[Opening Data section]

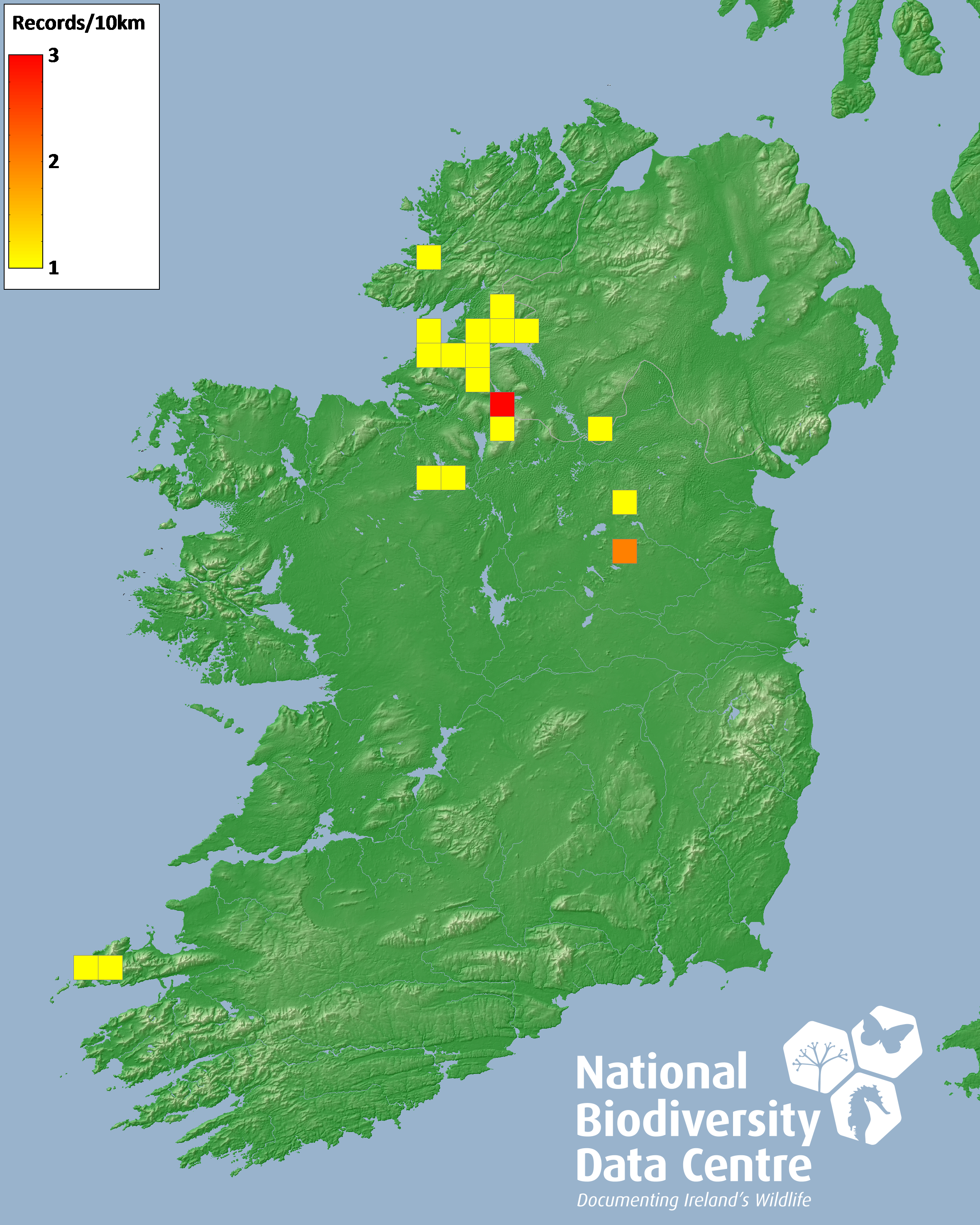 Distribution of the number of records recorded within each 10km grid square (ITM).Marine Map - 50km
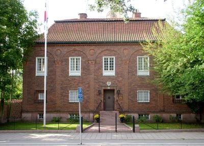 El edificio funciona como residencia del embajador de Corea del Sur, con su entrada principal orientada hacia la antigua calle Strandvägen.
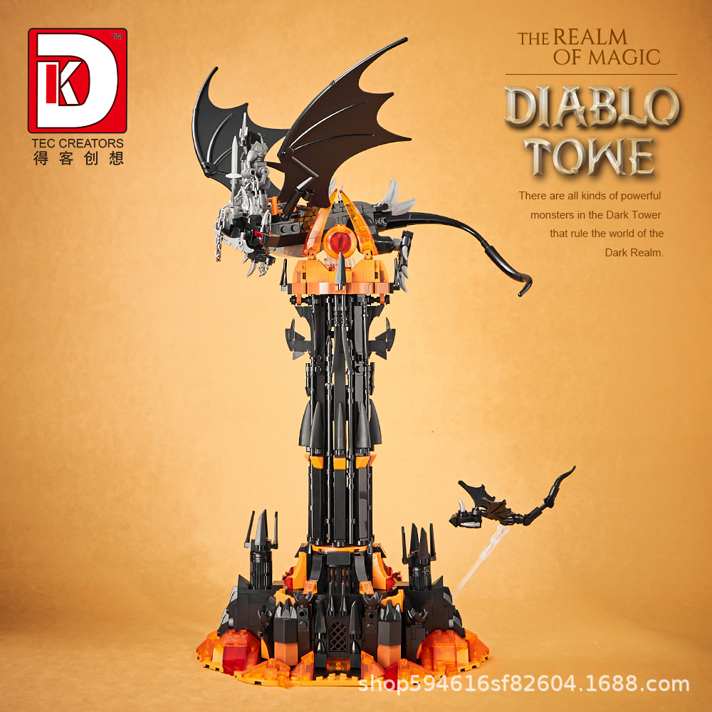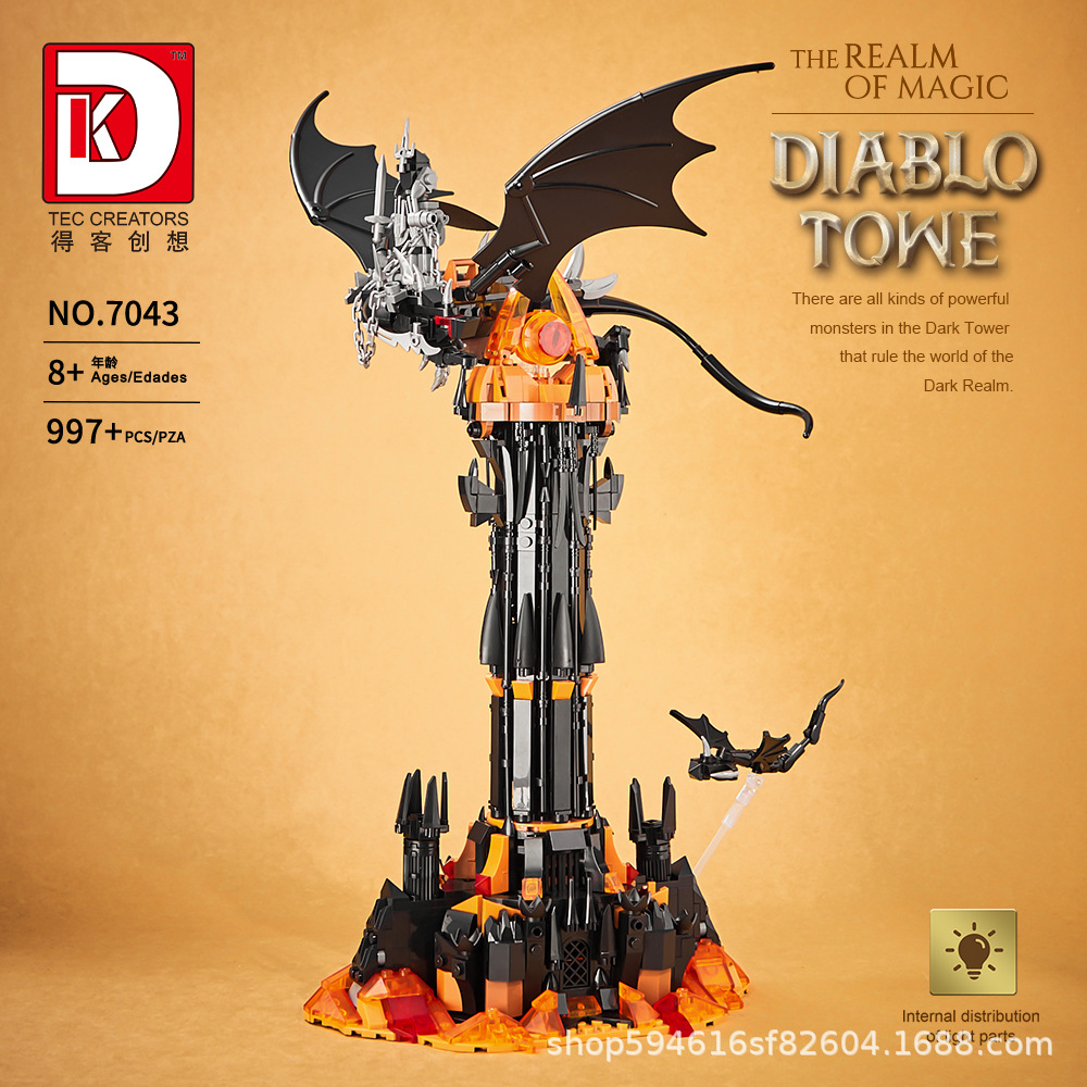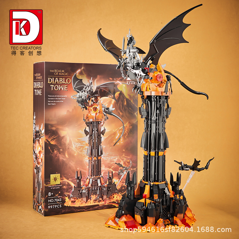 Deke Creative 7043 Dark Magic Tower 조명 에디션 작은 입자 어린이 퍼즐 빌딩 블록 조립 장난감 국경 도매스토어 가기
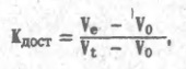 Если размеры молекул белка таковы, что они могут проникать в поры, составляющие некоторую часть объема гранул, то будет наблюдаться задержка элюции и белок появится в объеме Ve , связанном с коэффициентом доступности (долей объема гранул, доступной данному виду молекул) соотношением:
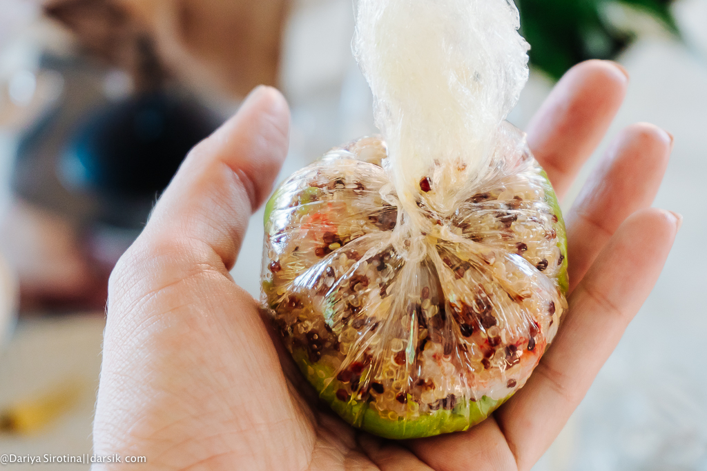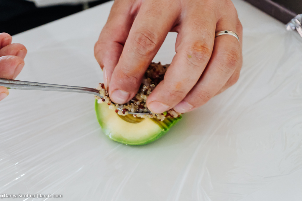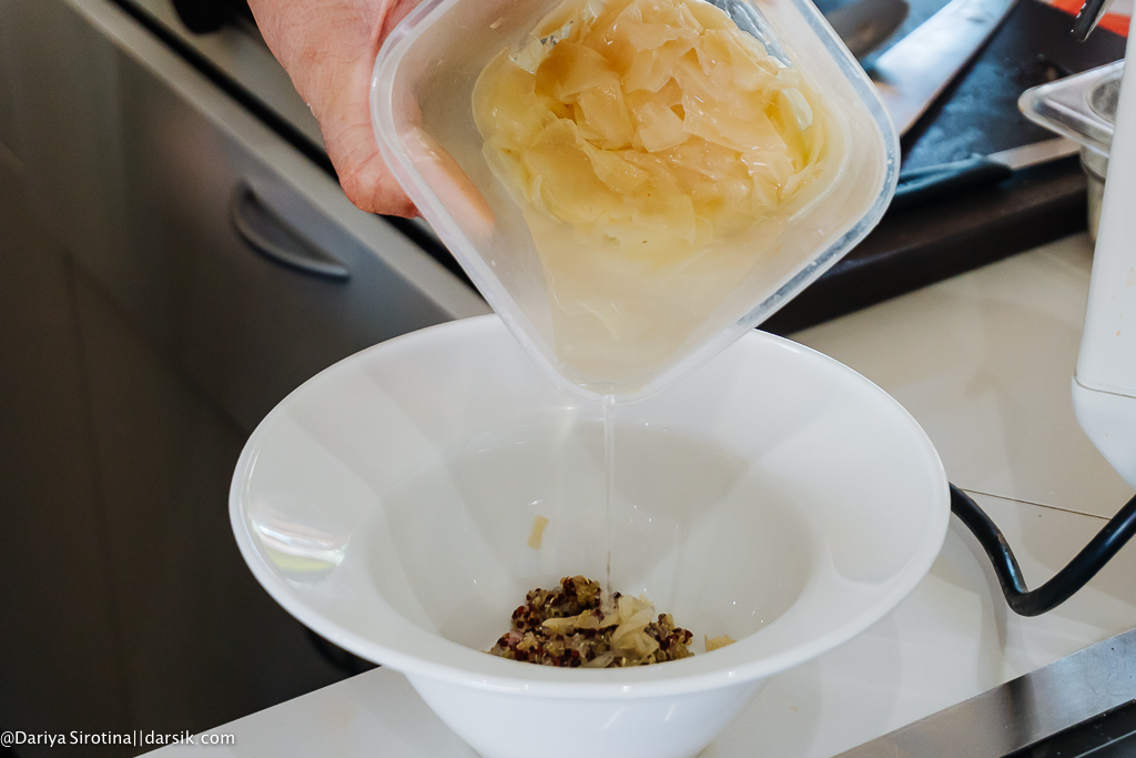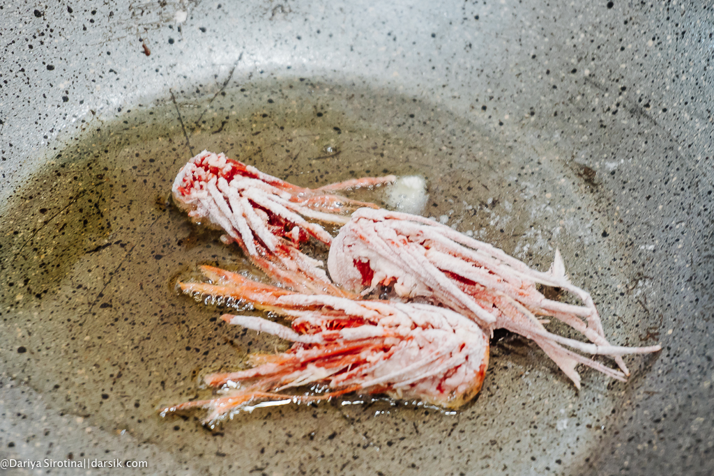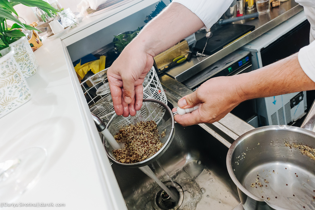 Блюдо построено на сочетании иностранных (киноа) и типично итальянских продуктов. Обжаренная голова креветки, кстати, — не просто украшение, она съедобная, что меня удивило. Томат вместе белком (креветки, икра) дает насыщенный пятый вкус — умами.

[Closing Data section]

*Task details:* Write the records out again exactly; none of the pictures belong in the copy.

*Expected answer:*
 Distribution of the number of records recorded within each 10km grid square (ITM).Marine Map - 50km
 El edificio funciona como residencia del embajador de Corea del Sur, con su entrada principal orientada hacia la antigua calle Strandvägen.
 Deke Creative 7043 Dark Magic Tower 조명 에디션 작은 입자 어린이 퍼즐 빌딩 블록 조립 장난감 국경 도매스토어 가기
 Если размеры молекул белка таковы, что они могут проникать в поры, составляющие некоторую часть объема гранул, то будет наблюдаться задержка элюции и белок появится в объеме Ve , связанном с коэффициентом доступности (долей объема гранул, доступной данному виду молекул) соотношением:
 Блюдо построено на сочетании иностранных (киноа) и типично итальянских продуктов. Обжаренная голова креветки, кстати, — не просто украшение, она съедобная, что меня удивило. Томат вместе белком (креветки, икра) дает насыщенный пятый вкус — умами.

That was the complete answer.